CREATE TABLE Monsters (
ID int NOT NULL AUTO_INCREMENT,
Name varchar(100) NOT NULL,
HP int unsigned NOT NULL,
MP int unsigned NOT NULL,
AC int unsigned NOT NULL,
MonsterType_ID int NOT NULL,
PRIMARY KEY(ID),
FOREIGN KEY(MonsterType_ID) REFERENCES MonsterType(ID) ON DELETE CASCADE
) ENGINE=InnoDB;
I also have a MonsterType Table
CREATE TABLE MonsterType (
ID int NOT NULL AUTO_INCREMENT,
Name varchar(100) NOT NULL,
PRIMARY KEY (ID)
) ENGINE=InnoDB;
I have PHP code set up: PHP Monster Query
if (isset($_POST["submit"])) {
if( (isset($_POST["Name"]) && $_POST["Name"] !== "") &&
(isset($_POST["HP"]) && $_POST["HP"] !== "") &&
(isset($_POST["MP"]) && $_POST["MP"] !== "") &&
(isset($_POST["AC"]) && $_POST["AC"] !== "") &&
(isset($_POST["MonsterType_ID"]) && $_POST["MonsterType_ID"] !== "") ) {
$query = "INSERT INTO Monsters ";
$query .= "(Name, HP, MP, AC, MonsterType_ID) ";
$query .= "VALUES (";
$query .= "'".$_POST["Name"]."',";
$query .= "'".$_POST["HP"]."',";
$query .= "'".$_POST["MP"]."',";
$query .= "'".$_POST["AC"]."',";
$query .= "'".$_POST["MonsterType_ID"]."');";
$result = $mysqli->query($query);
When I go to Add Monsters, the Monster Type field only accepts integer values corresponding to the MonsterType.ID index. Instead, I'd like to be able to, in the text field, type out the MonsterType Names
INSERT INTO MonsterType (Name)
VALUES
('Abberation'),
('Beast'),
('Celestial'),
('Construct'),
('Dragon'),
('Elemental'),
('Fey'),
('Fiend'),
('Giant'),
('Humanoid'),
('Monstrosity'),
('Ooze'),
('Plant'),
('Undead');
and have the corresponding Type Name's ID inserted into the database.

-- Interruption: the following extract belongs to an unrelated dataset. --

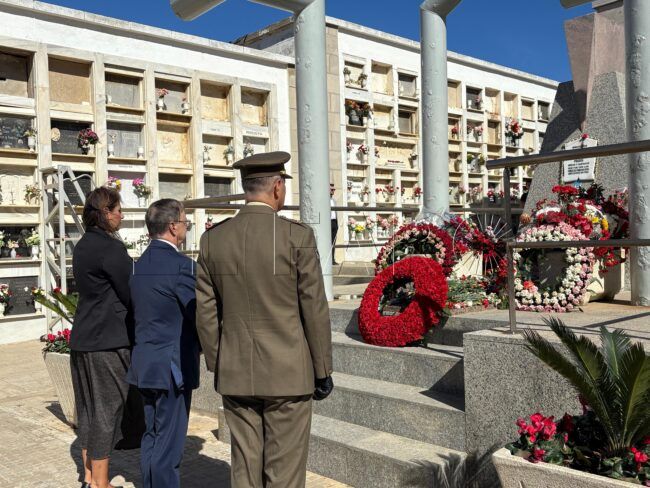 El recorrido por el cementerio de Santa Catalina ha continuado en dirección al monolito de los caídos en la Guerra de África, en donde el presidente, la consejera de Sanidad y Servicios Sociales y el comandante general de Ceuta han depositado una corona de laurel.

I can already display the MonsterType associated with the Monster using this query: Monster Display
$query = "SELECT Monsters.ID AS `mID`,
Monsters.Name AS `MName`, Monsters.MonsterType_ID,
MonsterType.Name FROM Monsters ";
$query .= "inner join MonsterType ON Monsters.MonsterType_ID = MonsterType.ID
ORDER BY MonsterType.Name ASC";
$result = $mysqli->query($query);
if ($result && $result->num_rows > 0) {
echo "<div class='row'>";
echo "<center>";
echo "<h2>The Monster Database</h2>";
echo "<table>";
echo "<tr><th>Name</th><th>Type</th>
<th></th><th></th></tr>";
while ($row = $result->fetch_assoc()) {
echo "<tr>";
//Output FirstName and LastName
echo "<td>" .$row["MName"]."</td>";
echo "<td>" .$row["Name"]."</td>";
I'm just not sure how to go about changing my Insert query such that it will accept the MonsterType.Name in the text field and use the MonsterType.ID associated with that MonsterType.Name in my Insert into Monsters table query.

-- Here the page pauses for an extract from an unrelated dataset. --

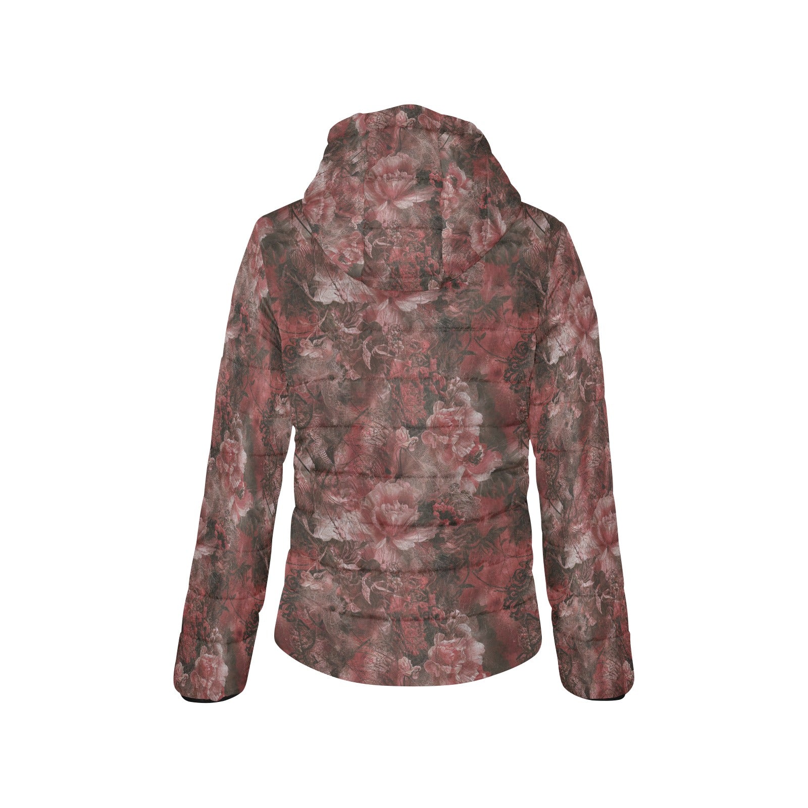 Vampire Art Urban Gothic Women's Padded Hooded Jacket - Grunge Red Lace and Roses

Of course, ideally I'd just want my Monster Type field to be a dropdown list of all the MonsterType.Names but I was having issues doing a dropdown field using HTML code embedded in a PHP block.
echo '
<div class="row">
<label for="left-label" class="left inline">
<h2>Add a monster</h2>
<form method="POST" action="addMonsters.php">
<p> Monster Name: <input type="text" name="Name">
<p> Hit Points: <input type="text" name="HP">
<p> Mana Points: <input type="text" name="MP">
<p> Armor Class: <input type="text" name="AC">
<p> Monster Type: <input type="text" name="MonsterType_ID">
/////// This didn't work
<p>Monster Type: <select name="Name">
<option></option>
<?php
$query = "SELECT DISTINCT Name FROM MonsterType";
$result = $mysqli->query($query);
if($result && $result->num_rows>=1){
while($row = $result->fetch_assoc()){
echo "<option value = '".$row['Name']."'>".$row['Name']."/option>";
}
}
else {echo "<h2>No query results</h2>";}
?>
</select>
///////////
<input type="submit" name="submit" class="button tiny round" value="Add monster" />
</form>
';
If someone could solve this, that would be better.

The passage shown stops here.